## What to produce
What you return should be the full listing, copied exactly and stripped of its pictures.

## Exercise material
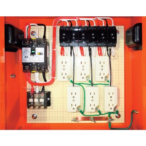 仮設電灯分電盤の標準型です。大阪府の自社工場で設計、製造しています。部分的な修正・変更から、フルオーダーまで、別作対応可です。工事現場のコンセント、照明や工具等の電源に。 |
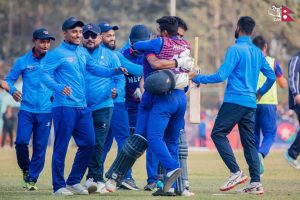 काठमाण्डौ, ८ फागुन । आईसीसी विश्व कप क्रिकेट लिग–२ अन्तर्गत त्रिदेशीय एकदिवसीय शृङ्खलामा नेपालले स्कटल्यान्डलाई हराएको छ । स्कटल्यान्डले दिएको २ सय १३ रनको लक्ष्य
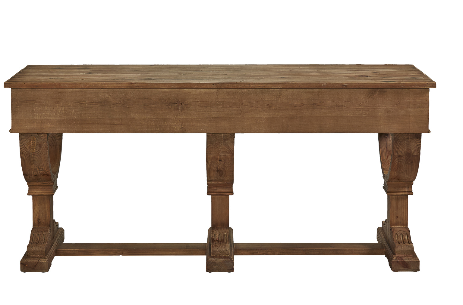 Finished on all sides, with two useful drawers, this handsome reclaimed pine console can be used against the wall or floating in a larger space. Item Weight121
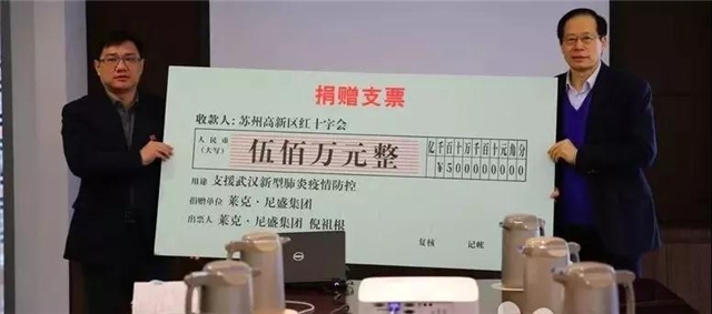 1月26日上午,位于蘇州高新區(qū)獅山橫塘街道企業(yè)萊克·尼盛集團,向蘇州高新區(qū)紅十字會捐贈500萬元,用于支援武漢新型冠狀病毒感染引發(fā)肺炎疫情的防控工作。
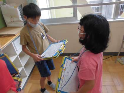 友達の好きなことを知り、最後には友達クイズを行う予定です。クイズに正解するために、友達のことをもっと知ろうと進んでインタビューしていました。また、ALTのクリス先生とも英語で話すことを楽しみました。
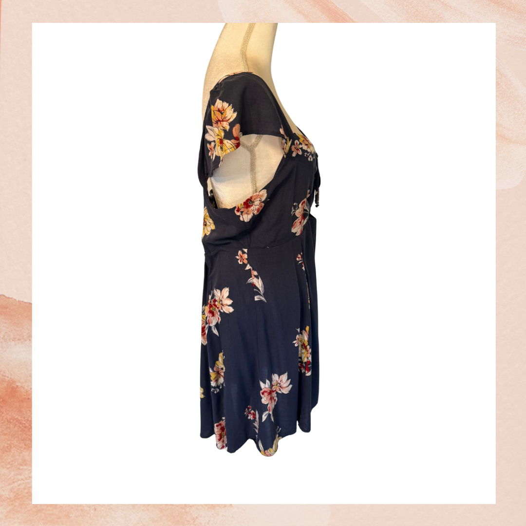 Navy Floral V-Neck Cut-Out Mini Dress (Pre-Loved) Size XL
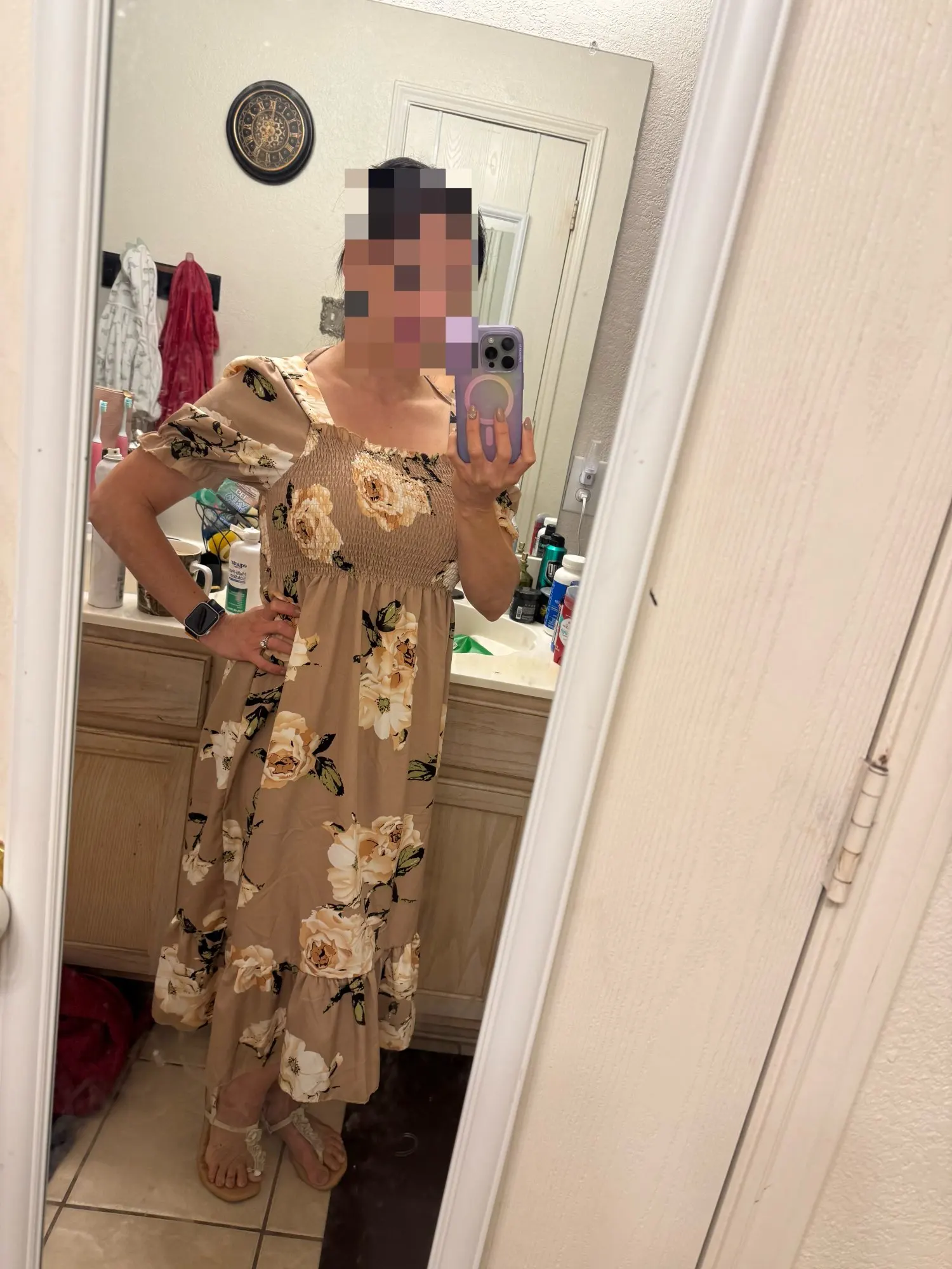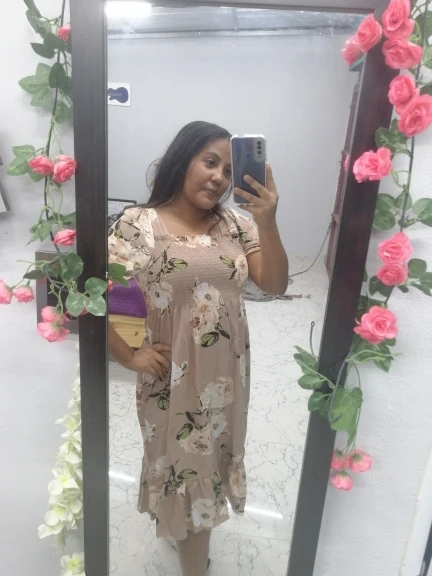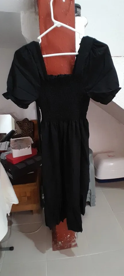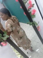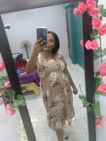 The loose dress is very cute, it doesn’t squeeze, for now it doesn’t show a little more below the knee, I’m normally a size M, the fabric looks comfortable, I just tried it on.
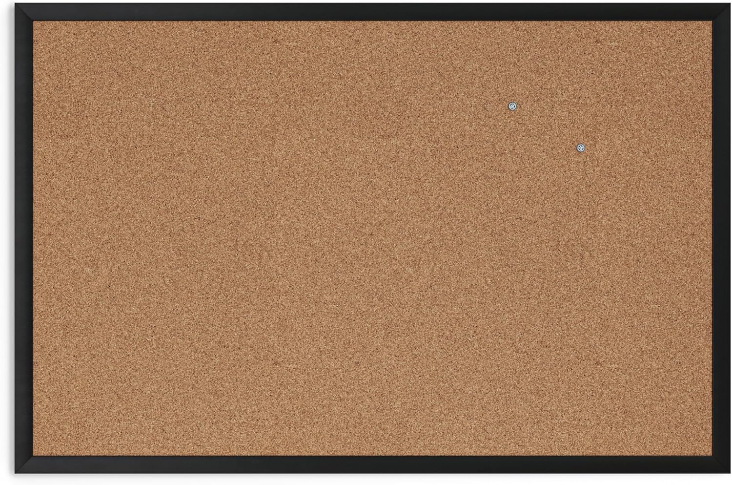 U Brands Cork Bulletin Board, 24'' x 36'', Black Wood Frame
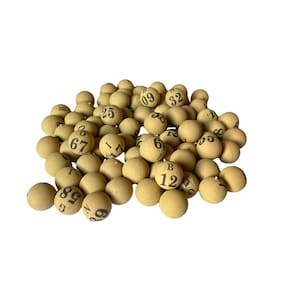 Kit Tabuleiro com bolinhas numeradas de 1 a 75 para jogo de bingo. A numeração é feita da seguinte forma:
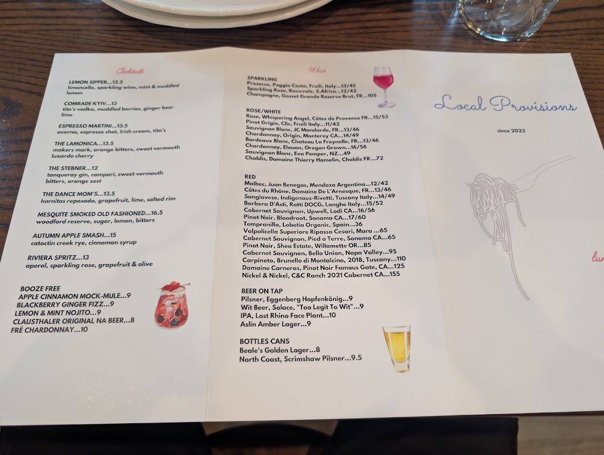 Local Provisions offers a menu that balances approachable, comforting dishes with thoughtfully crafted drinks, inviting guests to enjoy a relaxed dining experience. The selection leans toward hearty pastas, fresh seafood, and shareable plates that suit both casual lunches and unhurried dinners. For example, the Rigatoni Bolognese with ricotta cheese showcases a rich, slow-cooked ragu that pairs well with the warm, inviting atmosphere.
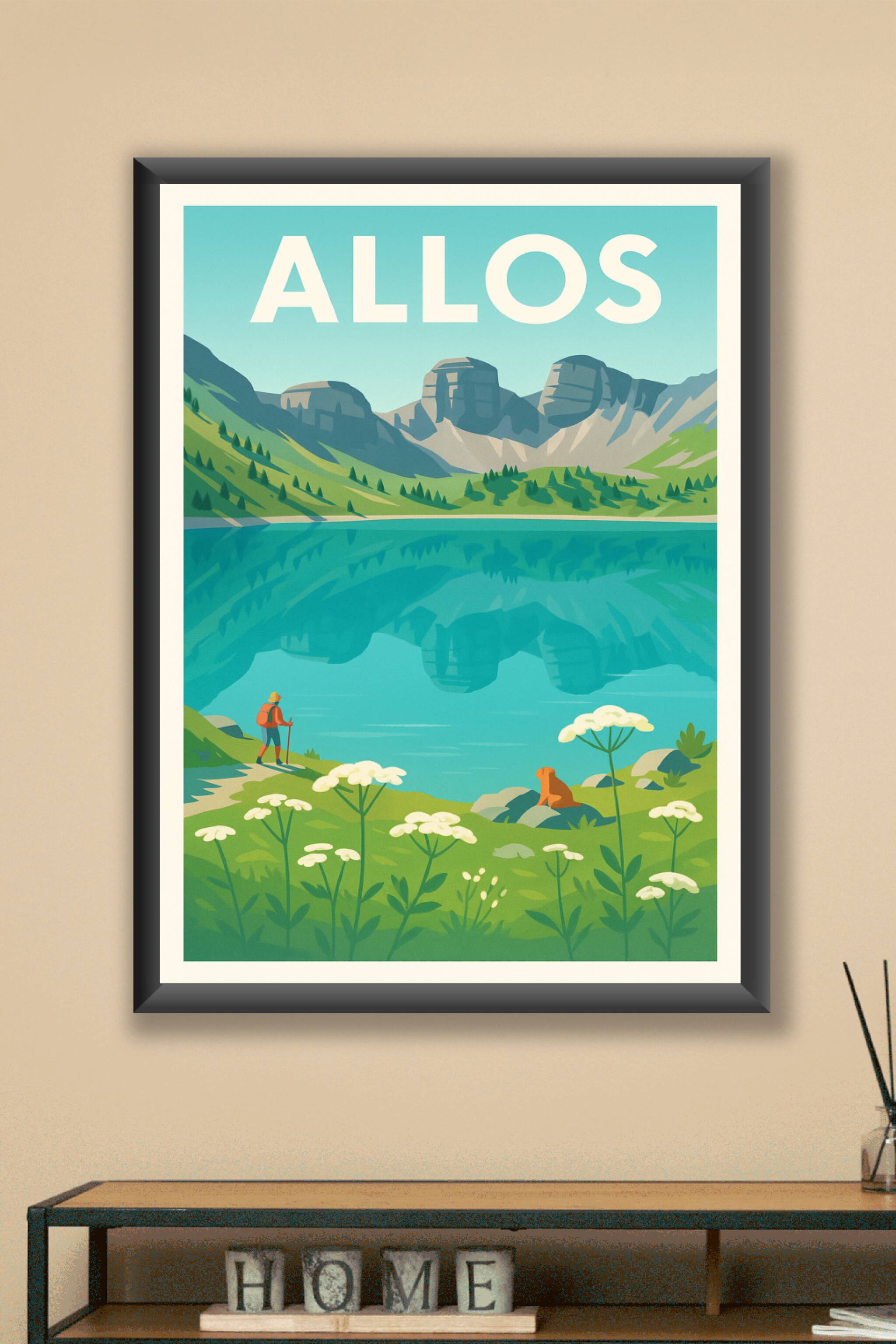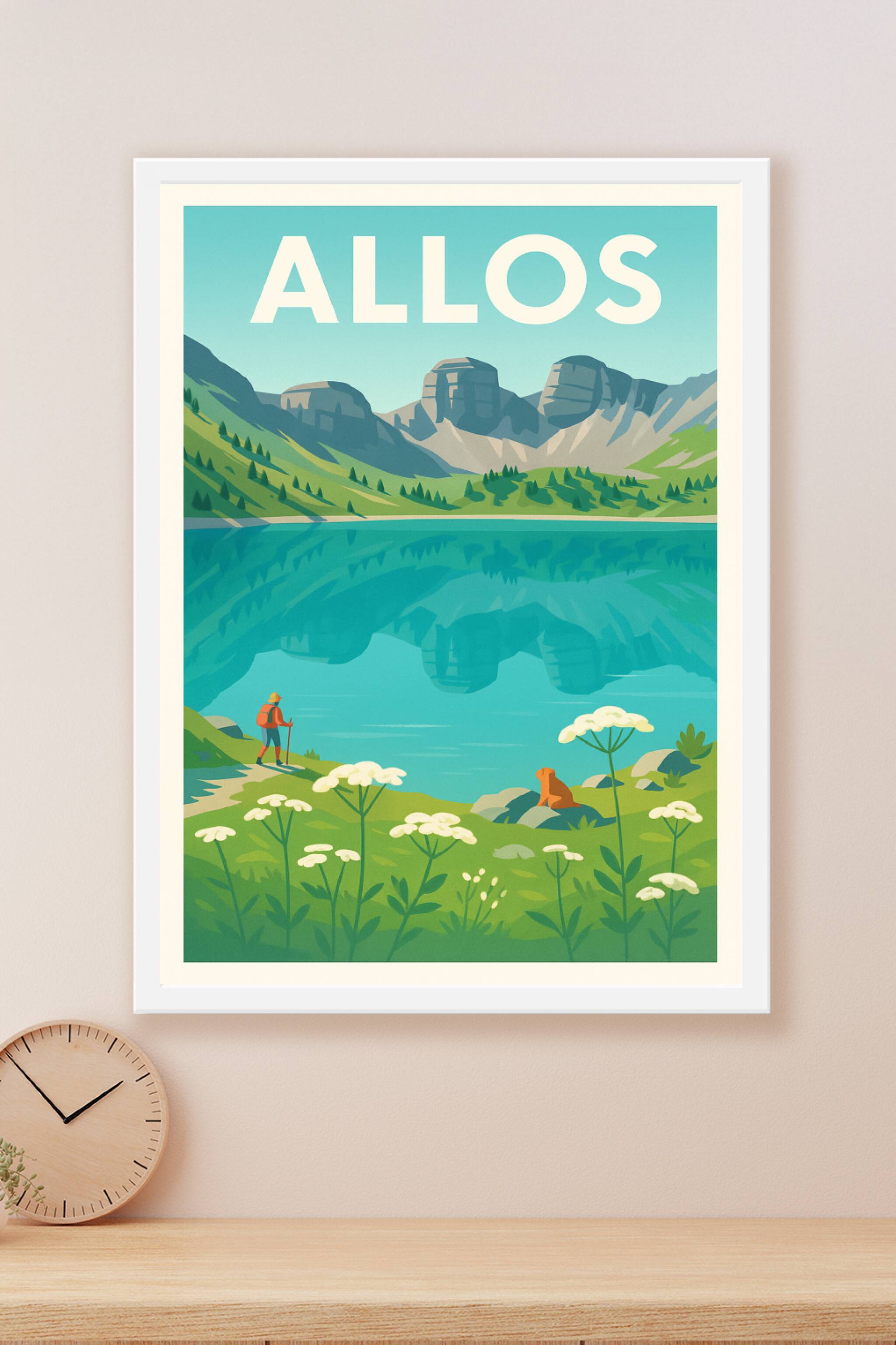 Découvrez la sérénité des paysages d'Allos avec cette affiche au style vintage mettant en scène un randonneur et son chien face au lac turquoise en...

## Output below
 仮設電灯分電盤の標準型です。大阪府の自社工場で設計、製造しています。部分的な修正・変更から、フルオーダーまで、別作対応可です。工事現場のコンセント、照明や工具等の電源に。 |
 काठमाण्डौ, ८ फागुन । आईसीसी विश्व कप क्रिकेट लिग–२ अन्तर्गत त्रिदेशीय एकदिवसीय शृङ्खलामा नेपालले स्कटल्यान्डलाई हराएको छ । स्कटल्यान्डले दिएको २ सय १३ रनको लक्ष्य
 Finished on all sides, with two useful drawers, this handsome reclaimed pine console can be used against the wall or floating in a larger space. Item Weight121
 1月26日上午,位于蘇州高新區(qū)獅山橫塘街道企業(yè)萊克·尼盛集團,向蘇州高新區(qū)紅十字會捐贈500萬元,用于支援武漢新型冠狀病毒感染引發(fā)肺炎疫情的防控工作。
 友達の好きなことを知り、最後には友達クイズを行う予定です。クイズに正解するために、友達のことをもっと知ろうと進んでインタビューしていました。また、ALTのクリス先生とも英語で話すことを楽しみました。
 Navy Floral V-Neck Cut-Out Mini Dress (Pre-Loved) Size XL
 The loose dress is very cute, it doesn’t squeeze, for now it doesn’t show a little more below the knee, I’m normally a size M, the fabric looks comfortable, I just tried it on.
 U Brands Cork Bulletin Board, 24'' x 36'', Black Wood Frame
 Kit Tabuleiro com bolinhas numeradas de 1 a 75 para jogo de bingo. A numeração é feita da seguinte forma:
 Local Provisions offers a menu that balances approachable, comforting dishes with thoughtfully crafted drinks, inviting guests to enjoy a relaxed dining experience. The selection leans toward hearty pastas, fresh seafood, and shareable plates that suit both casual lunches and unhurried dinners. For example, the Rigatoni Bolognese with ricotta cheese showcases a rich, slow-cooked ragu that pairs well with the warm, inviting atmosphere.
 Découvrez la sérénité des paysages d'Allos avec cette affiche au style vintage mettant en scène un randonneur et son chien face au lac turquoise en...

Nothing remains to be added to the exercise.